Книга Заклинатель джиннов - Михаил Ахманов
Шрифт:
Интервал:
Закладка:
Отчего бы и нет? Кому суждено удостоиться славы, тому ее не избежать. Главное – не торопиться. Haste mates waste, – говорят мудрые бритты; где спешка, там убытки.
Я размышляю об этих материях, любуясь на золотой купол Исаакия, что виден на другом берегу Невы. Он словно навис над ректорским флигелем, последним во дворе; этот флигель выходит к набережной, заслоняя зеленое двухэтажное крыло филфака. Две доски, на флигеле и университетском здании, гласят, что в первом родился Александр Блок, а во втором учился В. И. Ульянов-Ленин. Доски повешены напротив друг друга, и, проходя меж ними, я чувствую себя третьим лишним в компании титанов. У них свой спор, свой молчаливый диалог и свои счеты: кто кого перевисит, переживет и сохранится в памяти людской. Лично я ставлю на поэта, а потом вспоминаю, что ректорский флигель нынче занят иностранным студотделом и факультетом ориенталистики. Почему бы Азиз ад-Дин Захре не заглянуть сюда?… И, потрясенный этой мыслью, я замираю на мгновение, а потом мчусь на набережную, к автобусной остановке. Вот здесь-то нам точно не встретиться! Принцессы в автобусах не ездят. Итак, я ее избегал, забыв еще одну мудрую британскую пословицу: absence makes the heart grow fonder[25]. Еще говорят, что любовь должна вести к великим свершениям, ибо, как утверждал Бердяев, человек двупол и потому в борении постигает истину, а вот ангелы бесполы и потому способны лишь служить. Однако философ ошибался. Всю эту неделю я пребывал в борении с самим собой, но никакие истины мне не открылись; подобно ангелу, я лишь служил, а если уж начистоту – отслуживал. Отсиживал, отбрехивался, тянул резину, увиливал, молчал и в полный рост давил сачка, пользуясь своим свободным расписанием. В институте на меня посматривали кто сочувственно (может, болен?), а кто с неодобрением (мол, зазнался!), и даже Басалаев не стрельнул у меня полсотни до получки. Мои акции как преемника Вил Абрамыча падали, и шеф, встречаясь со мной, глядел с молчаливым укором. Я старался не попадаться ему на глаза. В делах с великой заокеанской тайной тоже наступила творческая пауза. Джек упрямо твердил, что швейцарские доллары ничем не хуже американских: картинка – та же, краски – те же, и все различия – к примеру, в плотности бумаги – ложатся в интервал нормального распределения погрешностей. Мне никак не удавалось его переубедить; мне даже начало казаться, не подсунул ли мне Керим под видом фальшивых швейцарских долларов настоящие.

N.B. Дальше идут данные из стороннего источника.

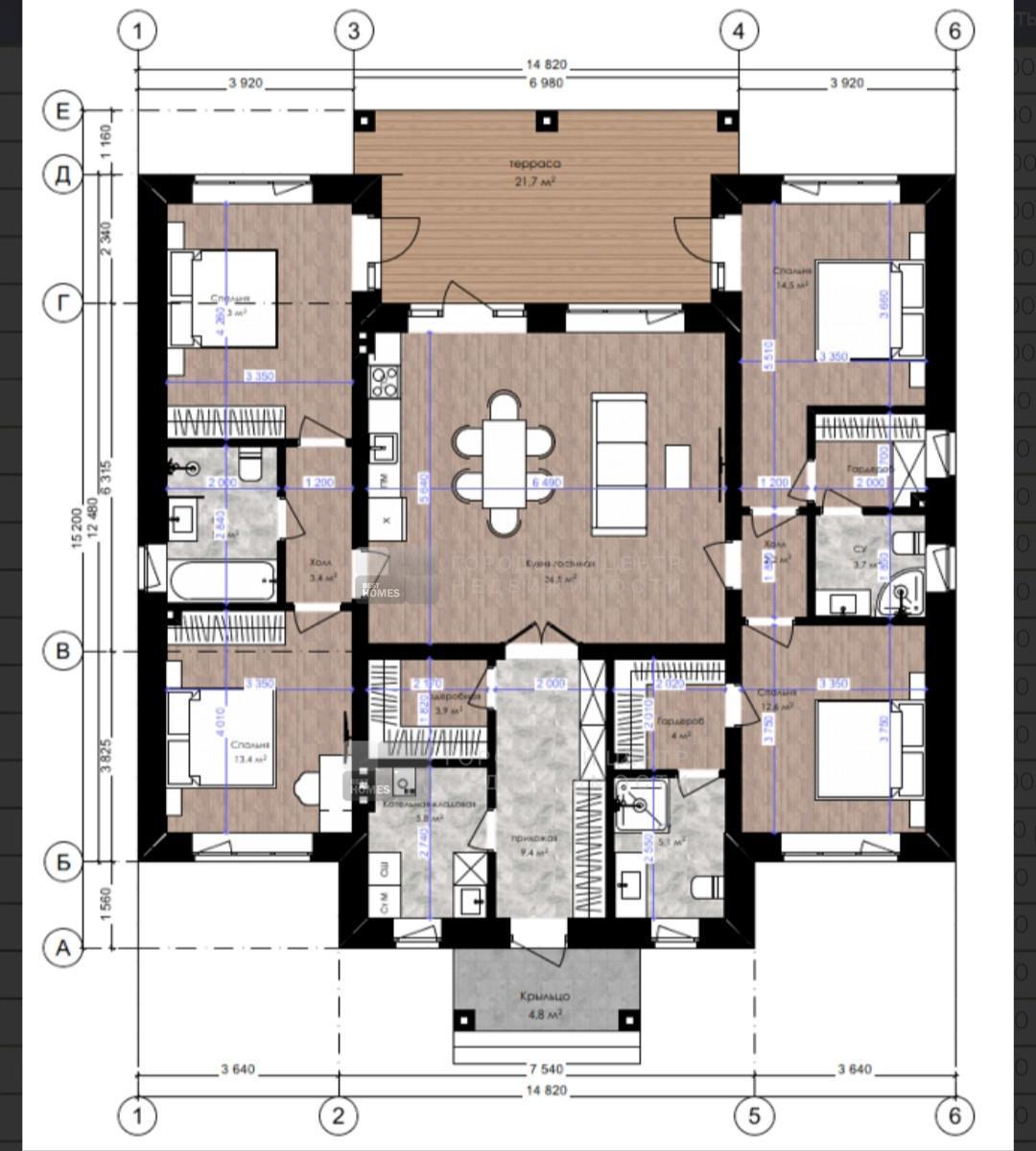 Дом имеет 4 спальни, 3 санузла, 3 гардероба, большую кухню-гостиную и террасу.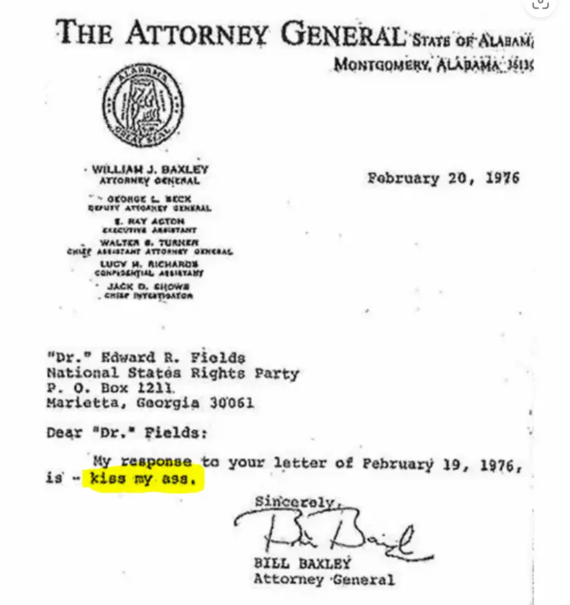 One of those threats came by way of a letter written on 19 February 1976 by Ku Klux Klan Grand Dragon Edward R. Fields. In the letter, Fields demanded a reply — so Baxley gave him one. On official Alabama Office of the Attorney General letterhead, Baxley wrote a one-sentence response that would become legendary. It simply said: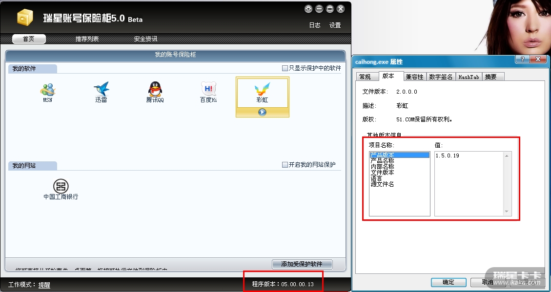 相关软件:51彩虹版本1.5.0.19 瑞星保险柜版本05.00.00.13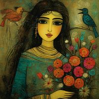 In dit adembenemende impressionistische schilderij zit een jong meisje met lang, golvend haar gracieus in een weelderige weide. Haar heldere, golvende jurk is een waterval van pasteltinten die harmonieus samengaan met de levendige omgeving. De weide leeft met een explosie van kleuren, van het levendige groen van het gras tot het aardse…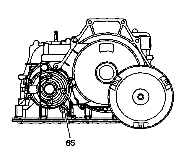 The oil level control plug (65) is located on the torque converter side of the transmission.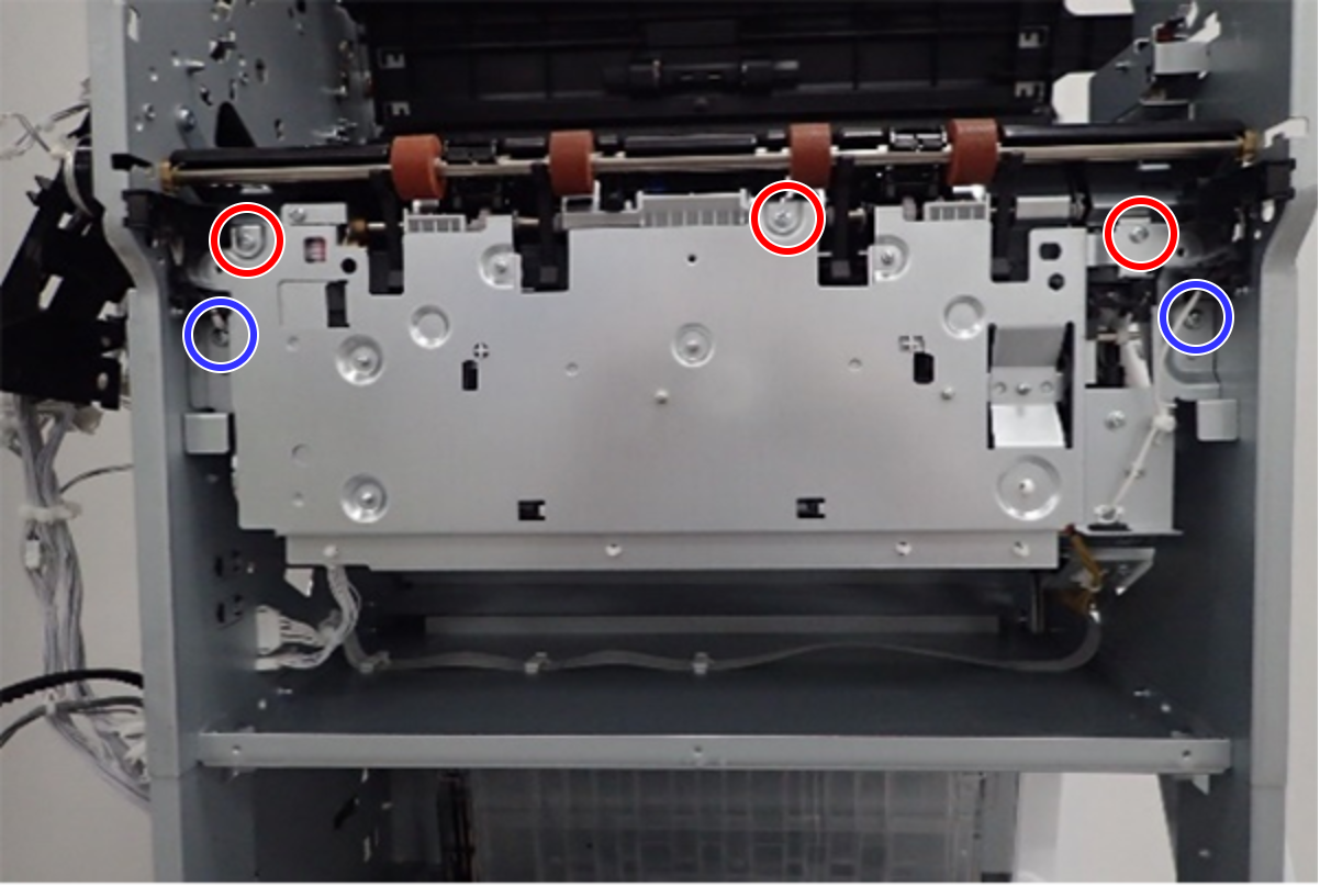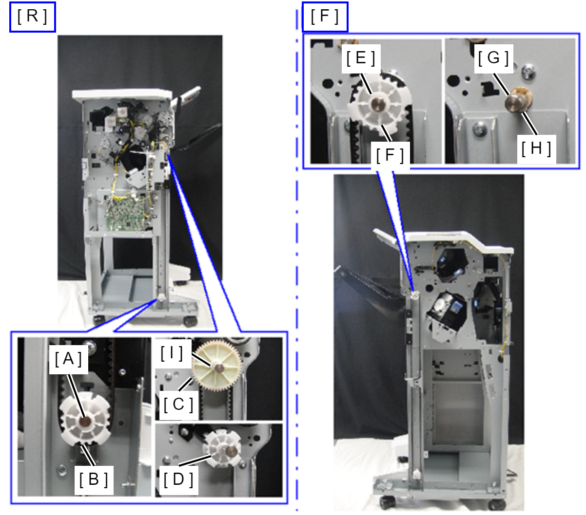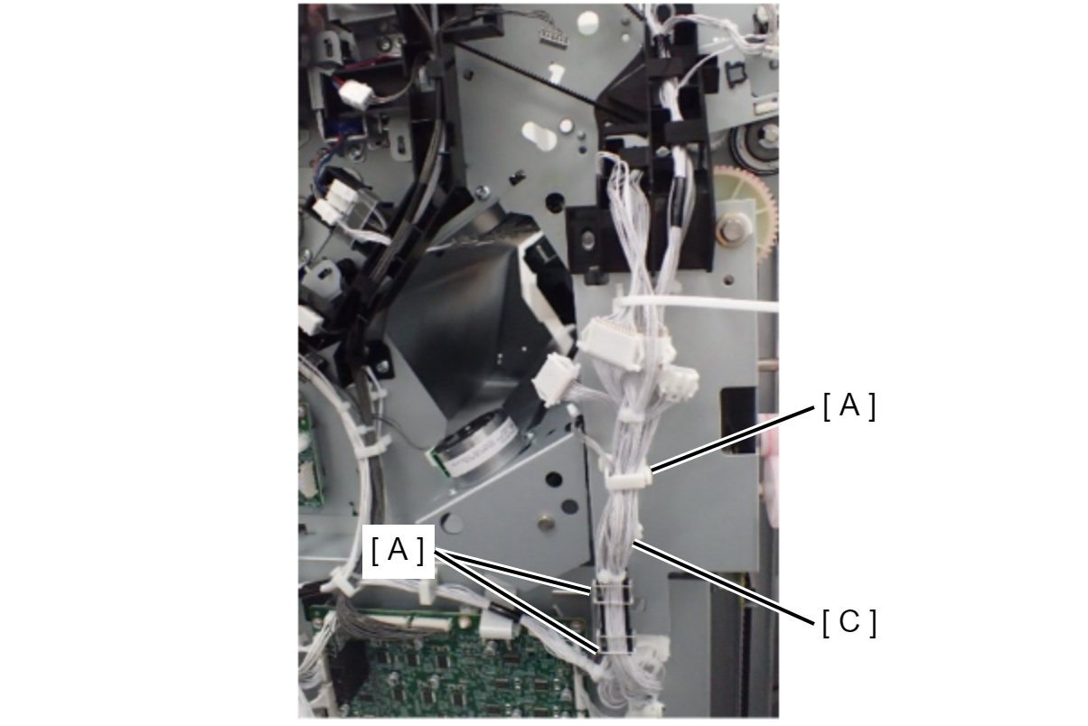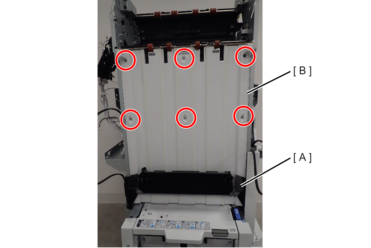拆下2颗螺丝,然后拆下纸捆排出单元提升电机(B)。(SX:
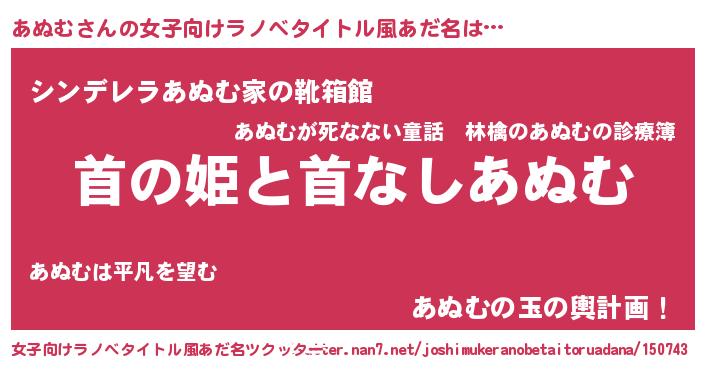 あぬむさんの女子向けラノベタイトル風あだ名は… 『首の姫と首なしあぬむ』『シンデレラあぬむ家の靴箱館』『あぬむの玉の輿計画!』 ツクッター #女子向けラノベタイトル風あだ名ツクッター http://tkutter.nan7.net/joshimukeranobetaitoruadana/150743/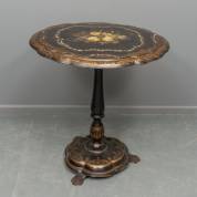 Met papier maché bekleed bijzettafeltje, het opklapbare gecontourneerde blad deels ingelegd met parelmoer, 19e eeuw -gebruikssporen-, 73 × 70 × 59 cm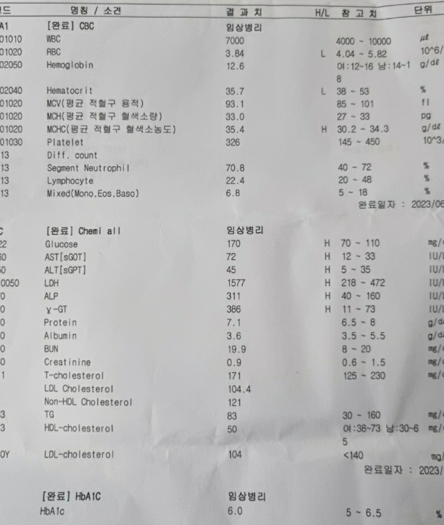 하지만 혈액검사로 간암을 평가할 수 없습니다. 영상검사가 가장 중요하며 혈액검사 중에는 종양 표지자라는 것을 보아야 하는데 올려주신 사진에는 결과값이 포함되어 있지 않습니다.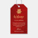 Esta etiqueta de presente de boas-vindas do casamento chinês mostra um símbolo vermelho de felicidade do ouro em um fundo vermelho rubi brilhante. Personalize as etiquetas com a localização do seu casamento, uma pequena nota de boas-vindas, os seus nomes e a data do casamento. Essas etiquetas são perfeitas para casamentos de destino e bolsas de boas-vindas de hóspedes.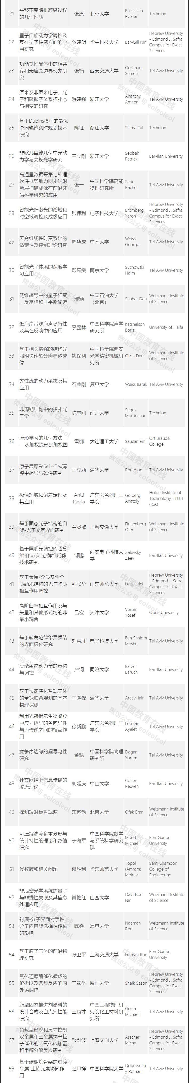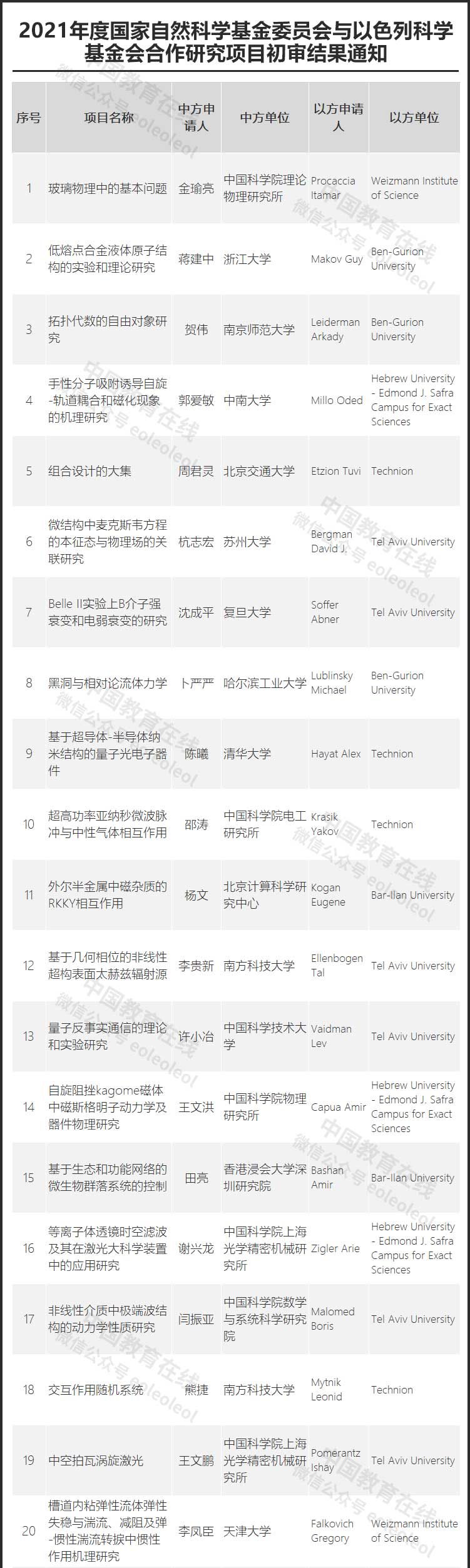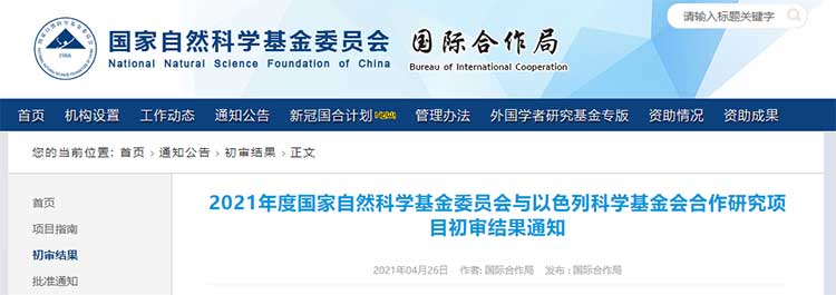 近日,國家自然科學(xué)基金委網(wǎng)站正式公布了2021年度國家自然科學(xué)基金委員會與以色列科學(xué)基金會合作研究項目初審結(jié)果,共188個項目通過初審。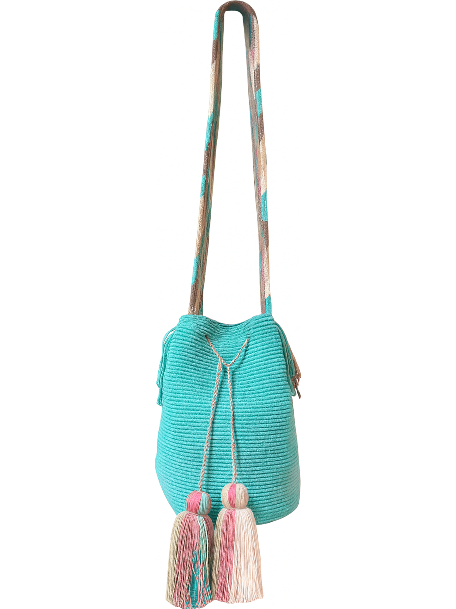 Handcrafted mochila woven by Wayuu women of La Guajira. Soft cream tones meet serene aquamarine accents in a design inspired by blooming desert waters. A refined expression of heritage, intention, and conscious luxury.
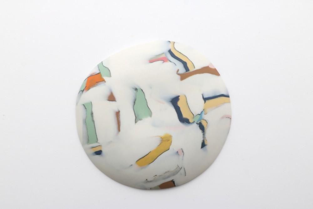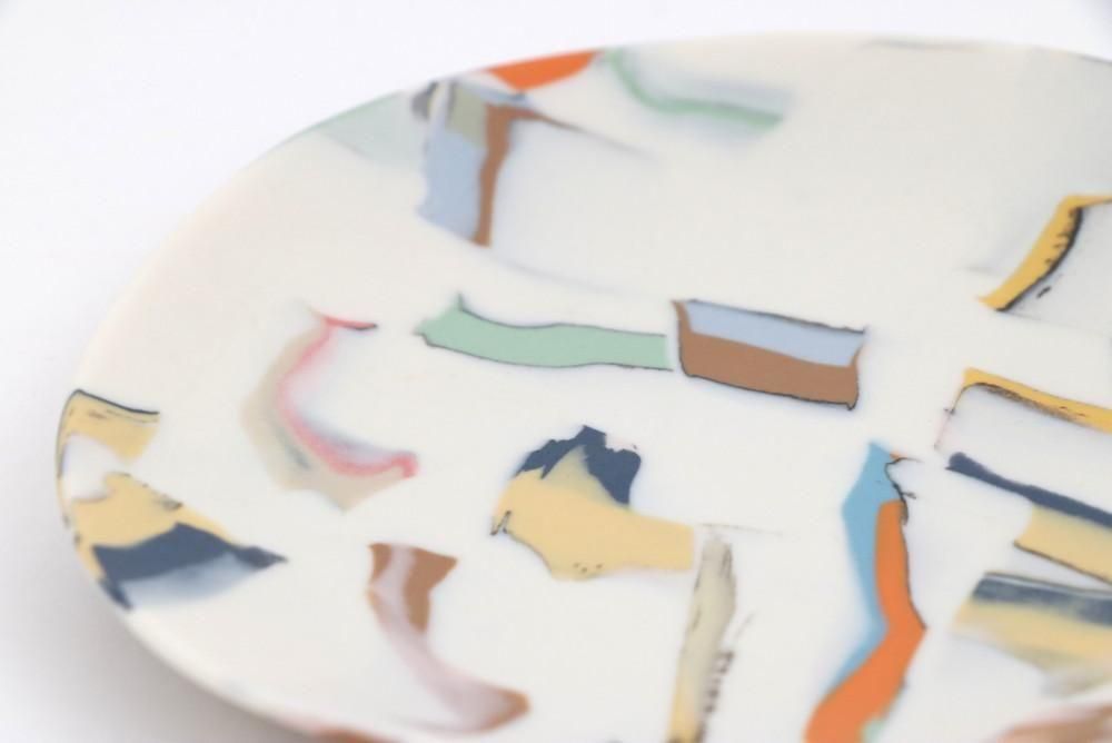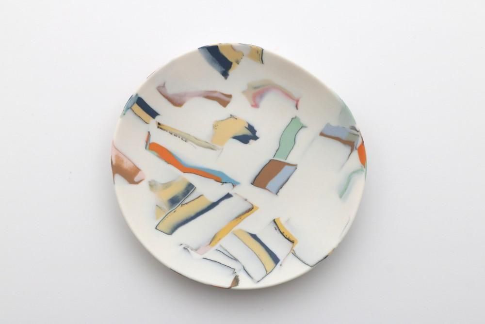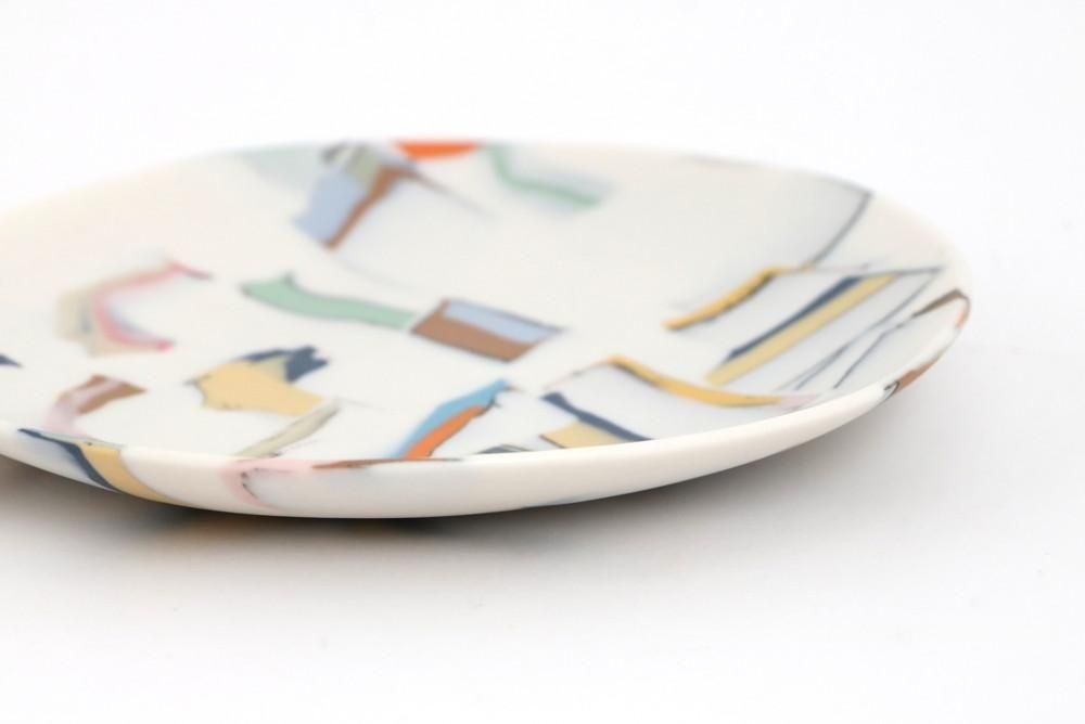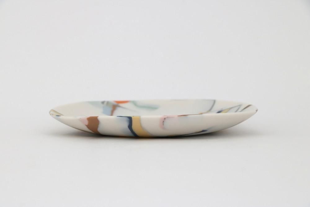 粘土に色を練り込んでは重ね、タタラ成形により創り出された小皿です。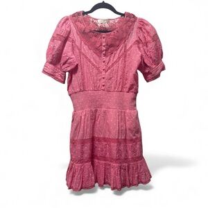LoveShackFancy Jaislyn Boho Coquette Mini Dress | Hot Pink Guava Cherry | Medium

Так сказать, с целью проверки моей компетенции…
Но это было пустой идеей – ведь я не нашел никаких секретных знаков на эталонных образцах, ничего, что отличало бы их от швейцарских купюр или, наоборот, являлось бесспорным критерием идентичности. А раз не нашел, то и гадать о керимовых шуточках не стоило. Сам же Керим не забывал меня, регулярно позванивал и снимал допрос: «Масть п'шла, бабай?» – «Пока что нет, шашлык. Не извольте икру метать». – «Ну, трудыс, трудыс…» Однажды позвонил сам Петр Петрович Пыж, господин генеральный директор; говорил ласково, стелил мягко, но чувствовались в его тоне нотки раздражения, будто бродила у него мыслишка срезать мне финансы или вызвать на ковер. Не сразу я сообразил, в чем тут дело, но все же родилась одна правдоподобная гипотеза. Мои хрумки – люди коммерческие, а значит – недоверчивые; откуда им знать, что наемный спец не крутит динаму? Положим, нашел он, чего искал, а теперь время тянет и продолжает поиск в иных направлениях – кому бы сбыть повыгодней заокеанские секреты… Я понимал своих работодателей и не обижался. Понимал и другое: при успешности моих трудов цена им – не тысячи, не сотни тысяч и даже не миллионы. Сколько? Ну караван верблюдов, груженных золотом, плюс удавка на шею или пуля в лоб… в любом порядке… Тайны – опасная материя, так что уж лучше получить немного, да из знакомых рук.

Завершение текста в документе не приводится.